[Public-List] Cockpit Drain Seacocks

Don Campbell dk.campbell at sympatico.ca
Wed Nov 25 06:36:25 PST 2009



I am with Mike on this that I can't believe there are still gate valves 
in these boats. Even in fresh water, the spindles rust through. These 
were brass valves meant for house plumbing systems. They all need to be 
replaced. I also know it is now extremely difficult to get a seacock 
that is only one metal as most have gone to bronze bodies and stainless 
valves. Wilcox-Crtittenden no longer makes seacocks and they were the 
last I know of who made seacocks and valves from one metal . The Groco 
ones have two drains on the sides of the body to drain any water from 
behind the ball. It is a bit difficult to get to these behind the motor 
and on the backside of the valve but that at least relieves the 
expansion room for freezing in these valves. Groco seacocks  are 
expensive but do work well. Groco also have a terminal built in for a 
grounding system wire but that is moot if there is crevice corrosion in 
the stainless. It is possible to replace the ball without changing the 
body. There is a difference between a ball valve and a seacock: a 
seacock has the flange and floor fastening system as an integral part of 
the construction. Seacocks are recommended because of the problems that 
arise from torque on in-line ball valves and the soft metals of through 
hull fittings. It is possible to bend or break things with just a ball 
valve that is unsupported in the line. If you have any doubts, check 
with your insurance company to see what they will pay out for or what 
their specs are for these systems. I have the feeling that you will 
expect them to pay if things fail and the boat sinks. You should not 
expect them to pay if your improvements are not to their specs and those 
sub- spec systems fail.
    There is one problem in the plumbing in these systems. Whitby used 
nipples in the gate valves rather than barbed ends so the pipe fittings 
that are on the bottom of the floor do not match the size of the barbs 
or nipples that fit on a seacock. Do not use nipples again.  It is 
really not easy if you do not live on salt water shores to get bronze 
fittings to change thread sizes here if you stay with the through hull 
from floor to bilge that is on the boat. One might want to consider a 
new through hull system for the floor drains. A second problem on the 
more recent boats is that the 1" gate valve on the through hull out the 
bottom of the boat has two 1" hoses running to it, one from the cockpit 
and the other from the scuppers. The new valve should be larger to 
accommodate the two intakes. If you want no restriction if both cockpit 
and scupper are full, then 1 1/2" full flow seacocks should be used. 

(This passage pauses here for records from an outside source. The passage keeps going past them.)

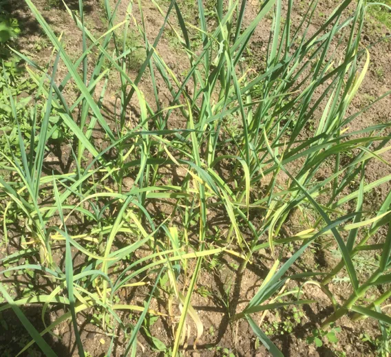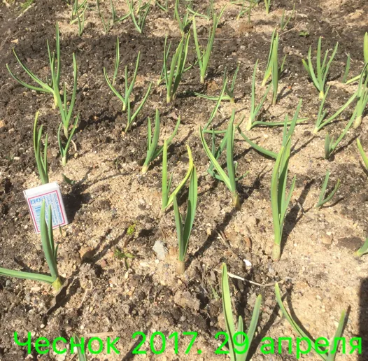 У него явно пожелтели листочки, правда не у всех растений. Сказывается то, что были высажены очень разные сорта. Пока лидируют по росту и крепости свой домашний чеснок. Все растения подкормила сульфатом калия. Вот теперь жду какова будет реакция на подкормку. Растворила удобрение в воде и и поливала по листьям. Вроде как внекорневая подкормка.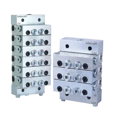 A série LSP estabelece o padrão da indústria em qualidade, confiabilidade e facilidade de uso. Foi a primeira válvula divisora progressiva modular e continua sendo a melhor! Sua modularidade proporciona extrema flexibilidade de projeto e manutenção, pois as conexões das tubulações de saída ficam em uma placa base separada do bloco do pistão dosador.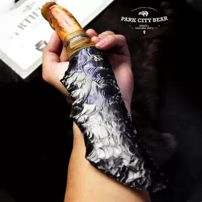 Parker Town Little Bear Pharaoh Stone Blade Natural Obsidian Hand Carved Vintage High-end Collection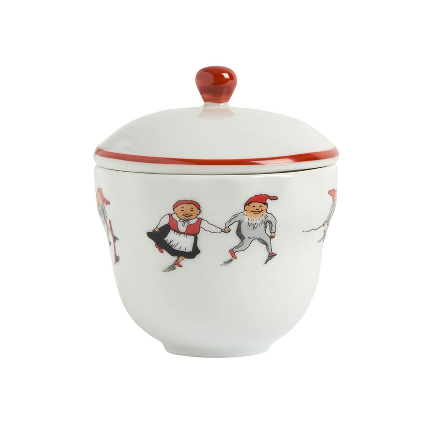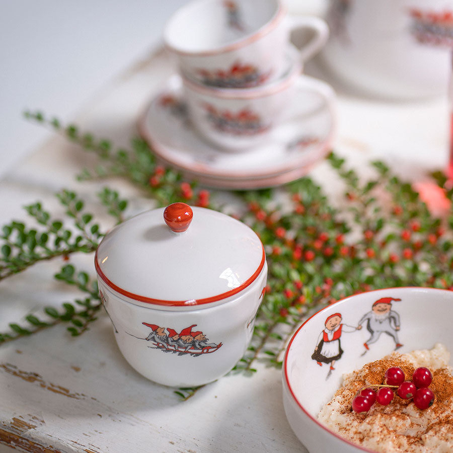 Skål med lokk i det nostalgiske Nisseserviset. Den måler 11 cm høy og 9,2 cm bred, og er perfekt til snop, sukker til kaffen, salt på bordet eller annet. Dette lille, sjarmerende elementet tilfører en koselig atmosfære til borddekkingen.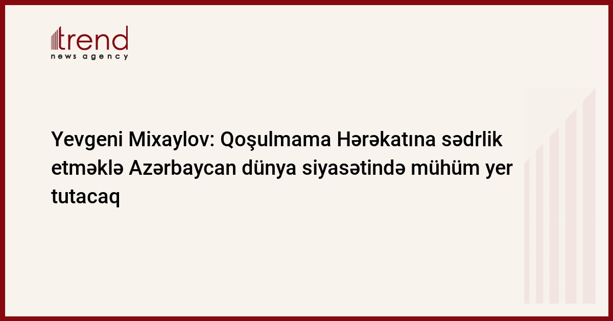 Azərbaycan Qoşulmama Hərəkatında sədrliyi bir neçə illik qəbul edib və bu, dünya siyasətində mühüm hadisədir.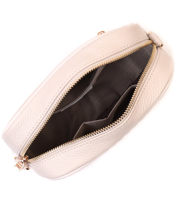 Интересная сумка для женщин на все случаи жизни из натуральной качественной кожи. Аксессуар состоит из основного отделения, которое закрывается на молнию, кармана открытого типа внутри, а также кармана на молнии снаружи на тыльной стороне. Носить сумку можно в руке, под рукой, на плече и через плечо, для этого имеется съемный текстильный ремень. В аксессуаре использована качественная фурнитура цвета золота.

Otherwise go with 1 1/4" seacocks. The difficult piece to find for this 
is a bronze T that is 1 1/4 or 1 1/2 x 1 x 1. Bushings are then needed 
and as usual, the more pieces you buy, the more dollars that fly out to 
the boat.
    For those of you who do occasionally sail with the boat on its ear 
and don't want the ocean or lake in the bottom of the cockpit, the hoses 
can be crossed but this makes any access to the prop shaft more 
difficult. It does stop the outside water from getting in though. You 
will find yourself buying some 90 º elbows for this too.